MATERIAL FOR THIS EXERCISE ->

*** Block opens ***

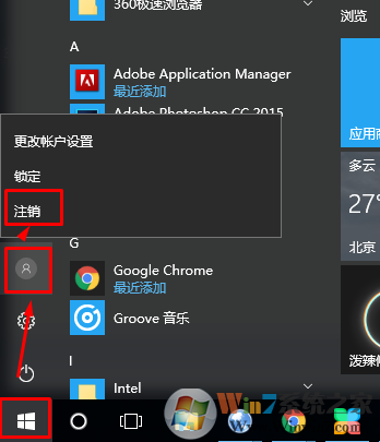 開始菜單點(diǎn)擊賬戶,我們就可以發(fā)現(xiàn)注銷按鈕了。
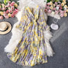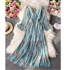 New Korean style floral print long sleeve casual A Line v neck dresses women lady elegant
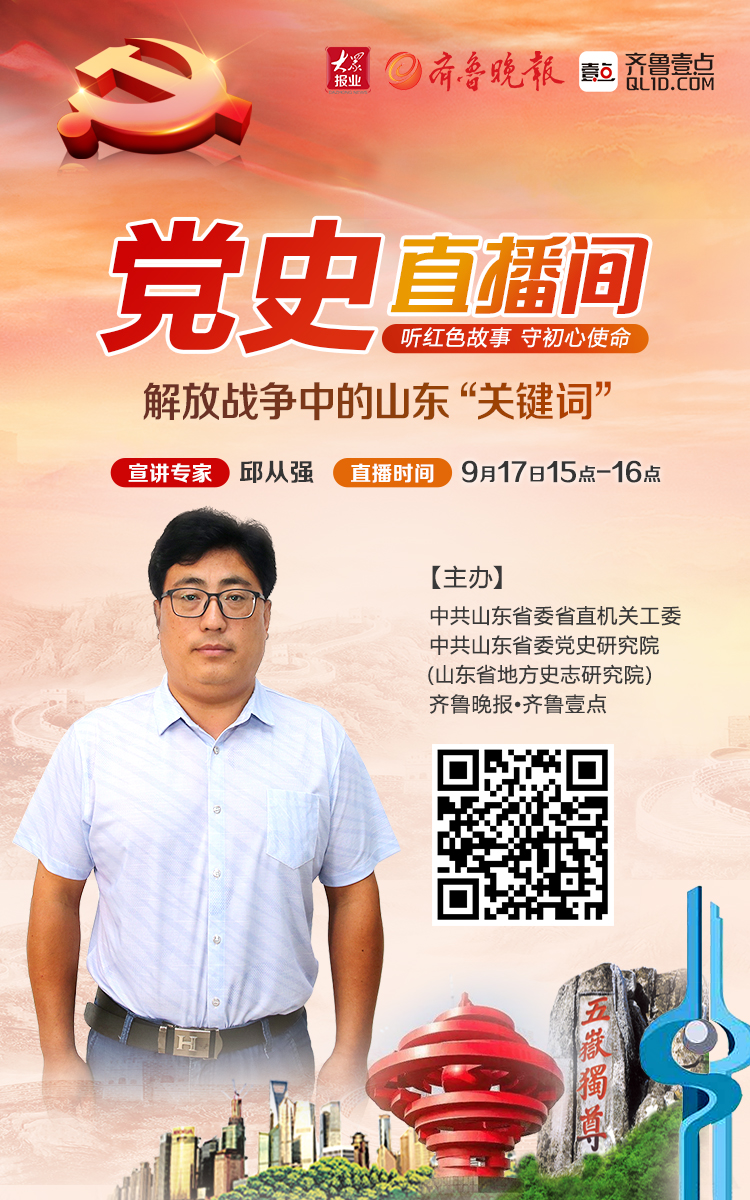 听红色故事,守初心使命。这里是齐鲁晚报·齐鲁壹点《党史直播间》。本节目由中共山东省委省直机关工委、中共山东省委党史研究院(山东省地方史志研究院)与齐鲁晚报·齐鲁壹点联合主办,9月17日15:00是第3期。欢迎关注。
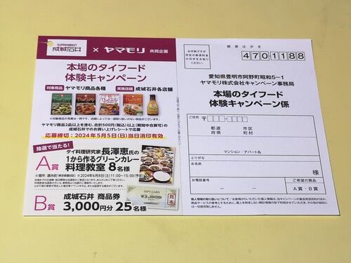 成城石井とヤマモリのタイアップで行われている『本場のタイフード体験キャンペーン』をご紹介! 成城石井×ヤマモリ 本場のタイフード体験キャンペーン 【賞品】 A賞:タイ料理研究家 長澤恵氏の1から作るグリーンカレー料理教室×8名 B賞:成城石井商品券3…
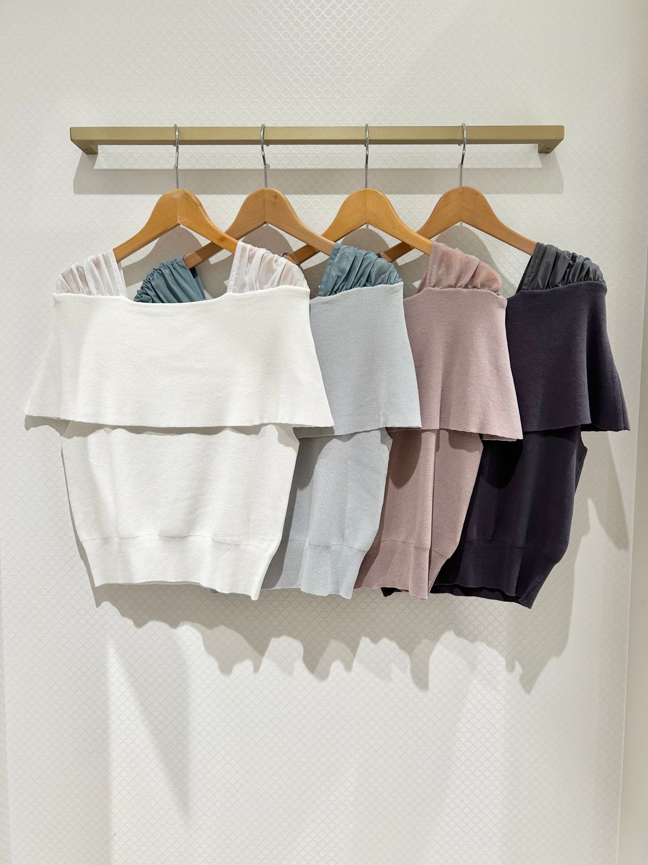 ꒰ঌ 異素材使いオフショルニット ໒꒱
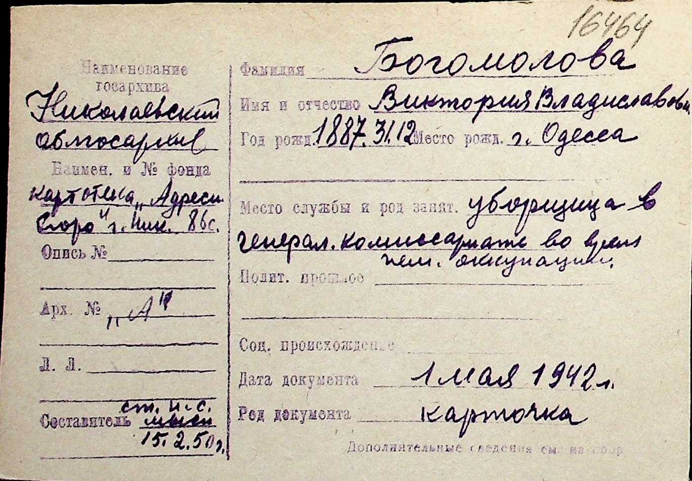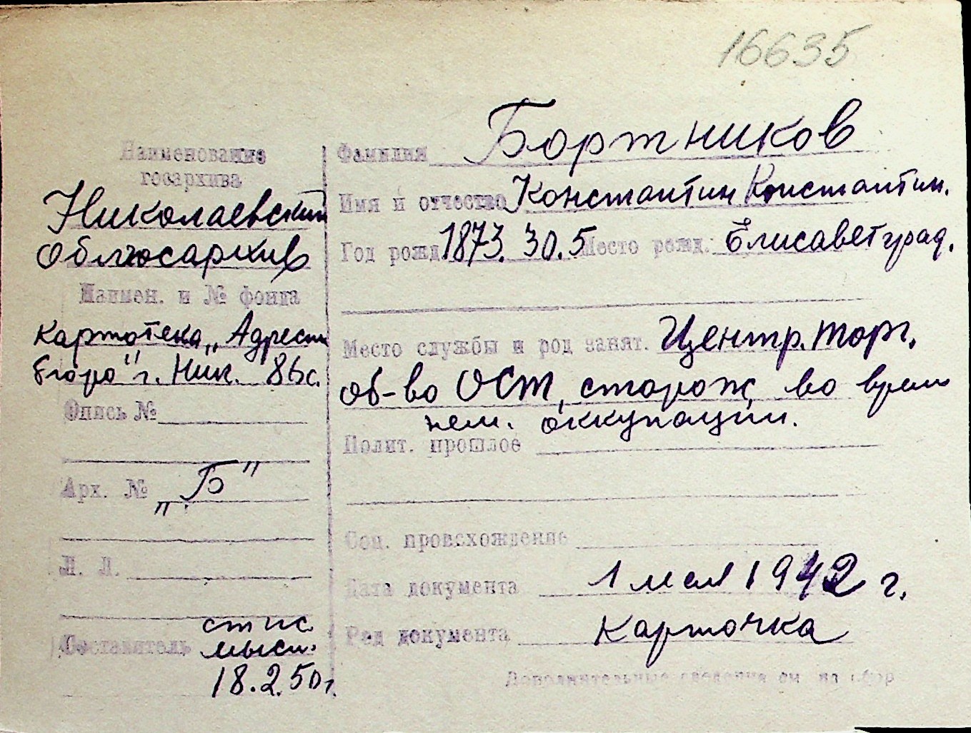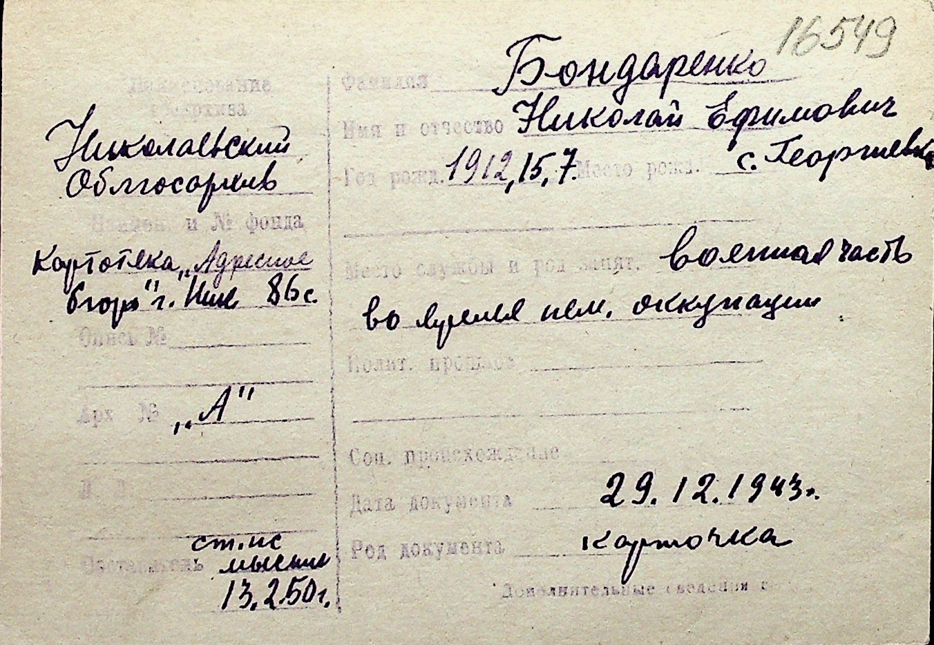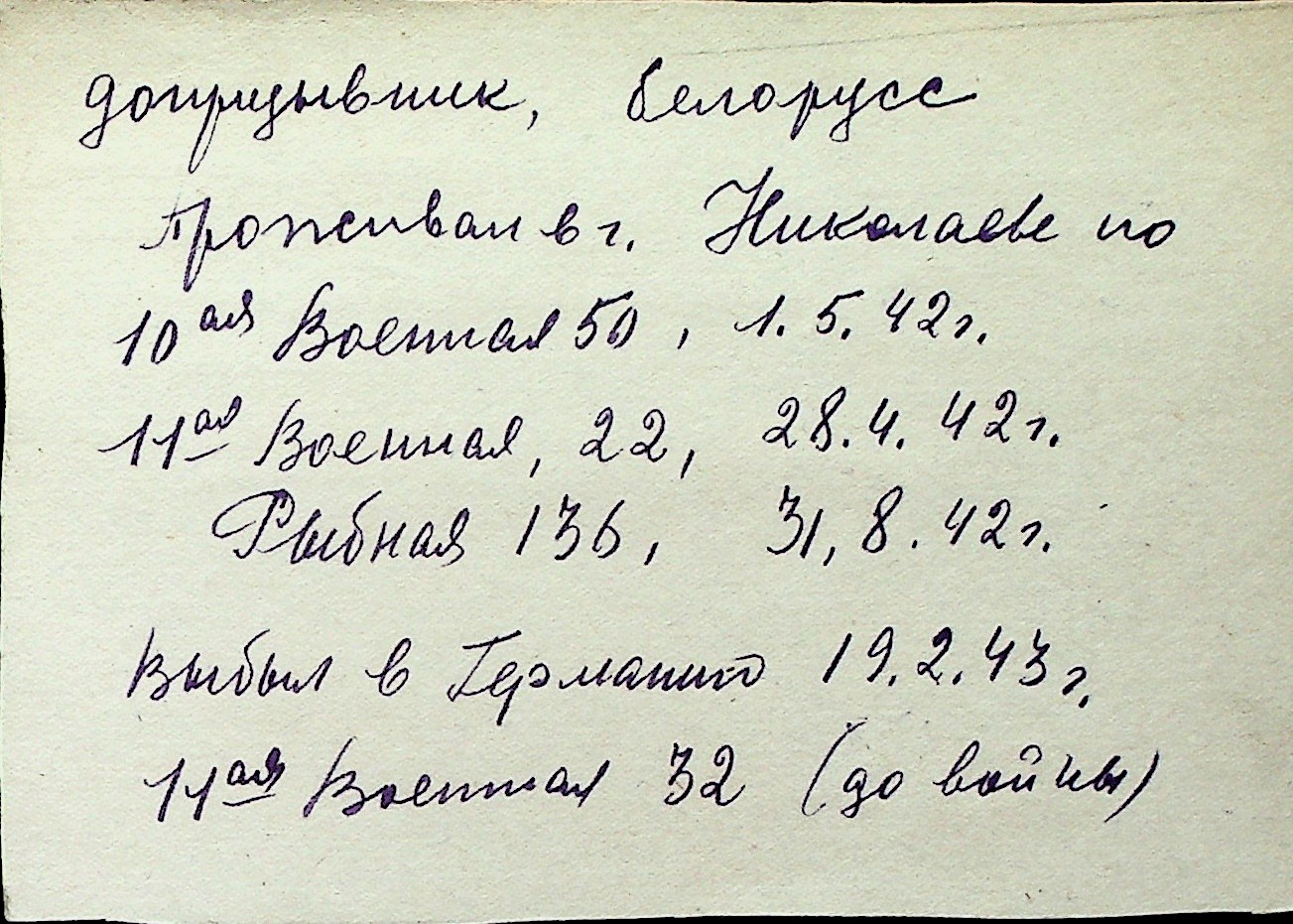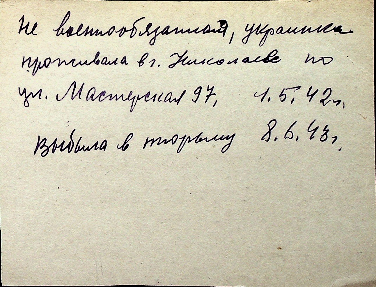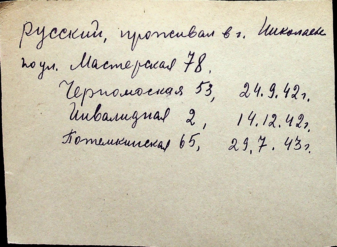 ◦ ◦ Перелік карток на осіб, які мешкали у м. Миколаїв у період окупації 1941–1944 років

*** Block closes ***

TASK TO CARRY OUT ->
Leave out the pictures, and retype exactly the lines from the one containing "A賞:タイ料理研究家 長澤恵氏の1から作るグリーンカレー料理教室×8名 B賞:成城石井商品券3…" through the last line of the data above, no more and no less.

WORKED SOLUTION ->
 成城石井とヤマモリのタイアップで行われている『本場のタイフード体験キャンペーン』をご紹介! 成城石井×ヤマモリ 本場のタイフード体験キャンペーン 【賞品】 A賞:タイ料理研究家 長澤恵氏の1から作るグリーンカレー料理教室×8名 B賞:成城石井商品券3…
 ꒰ঌ 異素材使いオフショルニット ໒꒱
 ◦ ◦ Перелік карток на осіб, які мешкали у м. Миколаїв у період окупації 1941–1944 років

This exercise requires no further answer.